Distributed Data Parallel (DDP) is the foundation of all large-scale training. Each GPU has a complete copy of the model and processes a different mini-batch. After the backward pass, gradients must be synchronized so all GPUs have identical gradient values before the optimizer step. The synchronization method — bucket-based all-reduce overlapped with the backward pass — determines whether distributed training scales efficiently or collapses under communication overhead.

Why DDP Exists

Single-GPU training is limited by memory and throughput. A 7B parameter model with FP32 gradients and AdamW optimizer states needs roughly 120 GB — already exceeding a single H100’s 80 GB HBM3. Even if it fits, training on billions of tokens at batch size 1 would take months.

DDP solves the throughput problem: N GPUs process N mini-batches in parallel, producing N gradient sets. Average them, and mathematically it’s identical to processing a batch N times larger on a single GPU. The global batch size scales linearly with GPU count while per-GPU computation stays constant.

The mathematical guarantee: for loss function $L$ and data batches $B_1, ..., B_N$ :

$\nabla L_{\text{global}} = \frac{1}{N} \sum_{i=1}^{N} \nabla L(B_i) = \nabla L\left(\bigcup_{i=1}^{N} B_i\right)$

This equality holds exactly — DDP introduces zero approximation error. The only question is how fast you can average the gradients.

Ring All-Reduce

The standard gradient synchronization algorithm: arrange N GPUs in a logical ring. The all-reduce computes the element-wise average of N tensors so every GPU ends up with the same result.

The ring algorithm proceeds in two phases:

Phase 1 — Reduce-Scatter ( $N-1$ steps): Each GPU divides its gradient tensor into N chunks. In each step, every GPU sends one chunk to its right neighbor and receives one chunk from its left neighbor. The received chunk is accumulated (summed) with the local chunk. After $N-1$ steps, each GPU holds the complete sum for one chunk.

Phase 2 — All-Gather ( $N-1$ steps): Each GPU broadcasts its fully-reduced chunk around the ring. After $N-1$ steps, every GPU has all N chunks, each containing the complete sum.
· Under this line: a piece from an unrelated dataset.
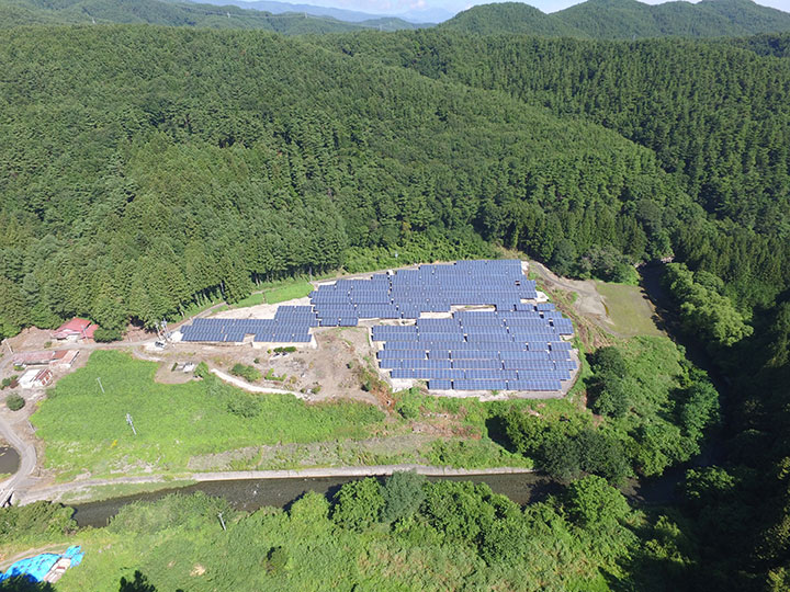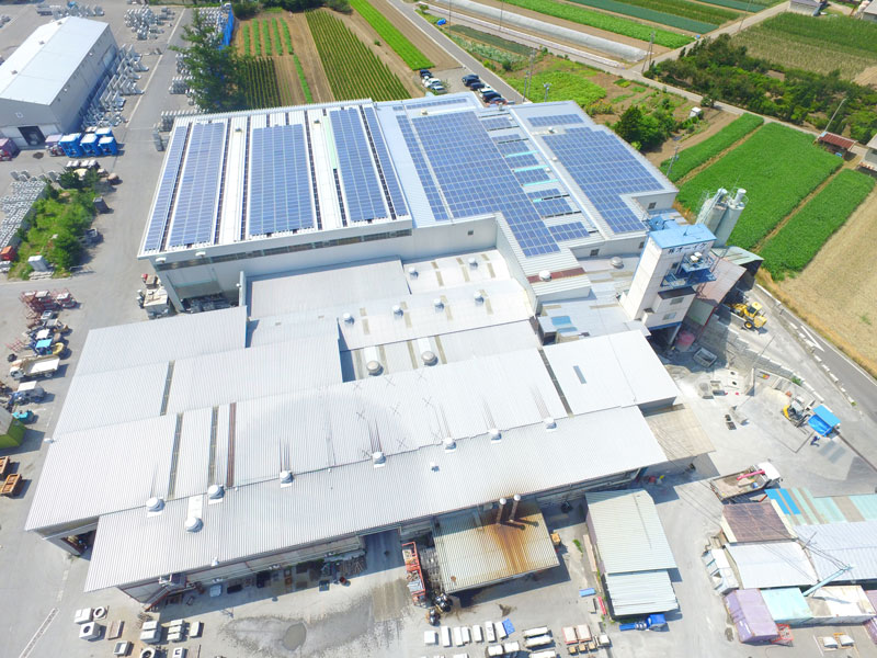 平成26年に本社工場の屋上に発電容量0.8MWのソーラーパネルを設置して以降、平成27年には1.4MWの安曇野発電所、翌年には1.5MWの今井発電所と3ヵ所の発電施設を稼働させました。令和2年現在で6ヵ所の発電施設が稼働中です。

Total steps: $2(N-1)$ . Communication volume per GPU:

$V = 2 \times \frac{N-1}{N} \times |\text{params}| \times \text{bytes\_per\_param}$

The critical insight: volume per GPU is nearly independent of N. As $N \to \infty$ , $\frac{N-1}{N} \to 1$ , so each GPU sends approximately $2 \times |\text{params}| \times \text{bytes\_per\_param}$ regardless of cluster size. This is why ring all-reduce scales.

import torch
import torch.distributed as dist

def ring_all_reduce(tensor, world_size, rank):
    """
    Ring all-reduce implementation (educational — use NCCL in practice).

    Args:
        tensor: local gradient tensor to reduce
        world_size: total number of GPUs
        rank: this GPU's rank (0 to world_size-1)
    """
    # Split tensor into world_size chunks
    chunks = list(tensor.chunk(world_size))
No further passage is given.